Serais-tu intéressé par une petite rencontre mercredi soir pour discuter d'indieweb et fedweb? https://indiewebcamp.com/events/2015-02-11-homebrew-website-club (et mes débuts de notes sur http://robin.millette.info/indie-fed-web - aussi éditable off-line, youppi!)

En fait, je pense aussi au Smallest Federated Wiki et à la migration de c2.com vers un Single Page App - et comparé à ikiwiki. Bref, je crois qu'il y a moyen de fédérér toutes sortes d'affaires et j'aimerais connaitre tes impressions sur tout ça.

À bientôt!

Comment by robin — 2015-02-07 22:00

salut robin! oui, ça

salut robin!

oui, ça m'intéresse, mais malheureusement je peux pas être présent. je vous souhaite une bonne rencontre...

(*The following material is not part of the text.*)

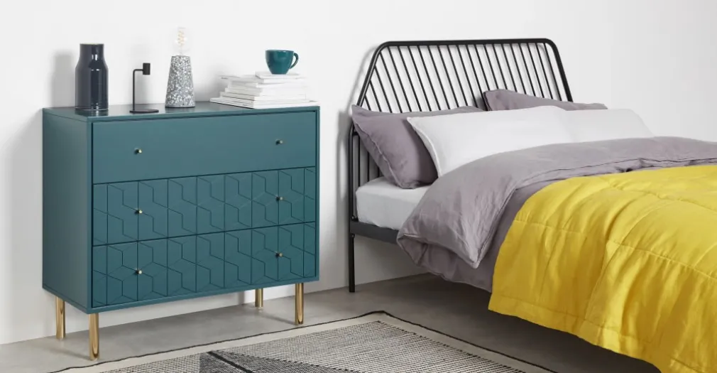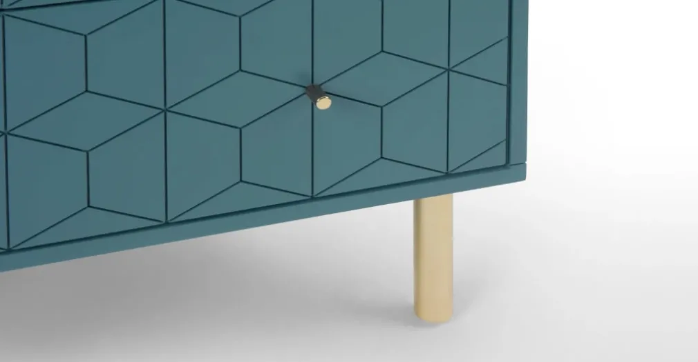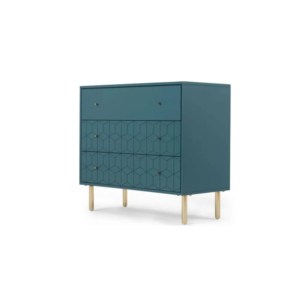 Amplia y distinguida es la Cómoda Hedra – Azul, una pieza importante al momento de ordenar tu habitación, sus líneas geometrías se aprecian en el segundo y tercer cajón siendo uno de sus atractivos, patas de acabado dorado, sin duda YoloDecoro siempre está trayendo mobiliario para embellecer el espacio predilecto de tu hogar.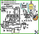 Система питания дизеля, в соответствии с комплектацией дизелей, состоит из:

Comment by anarcat — 2015-02-09 11:11

Jekyll?

I think I'm going to move to Jekyll. Lots of people have written conversion scripts, including from drupal, which makes me think it shouldn't be too bad. My first ever migration away from drupal!

Comment by mvc — 2015-02-14 23:44

about jekyll

i think jekyll is great! however, it is more geek-oriented than ikiwiki is from my point of view (believe it or not) as ikiwiki has a web interface and supports comments (such as this one) that lambda users can input without knowledge of git. it is also somewhat integrated with github, a proprietary software company which silos i try to avoid..

but yeah, had i known there was a migration script for jekyll, i might have worked on improving that to support ikiwiki (so comments) and more... oh well, it was fun writing python.

Comment by anarcat [id.koumbit.net] — 2015-03-04 20:31

Comments on this page are closed.

Created 2015-02-09 11:53. Edited 2015-09-10 16:48.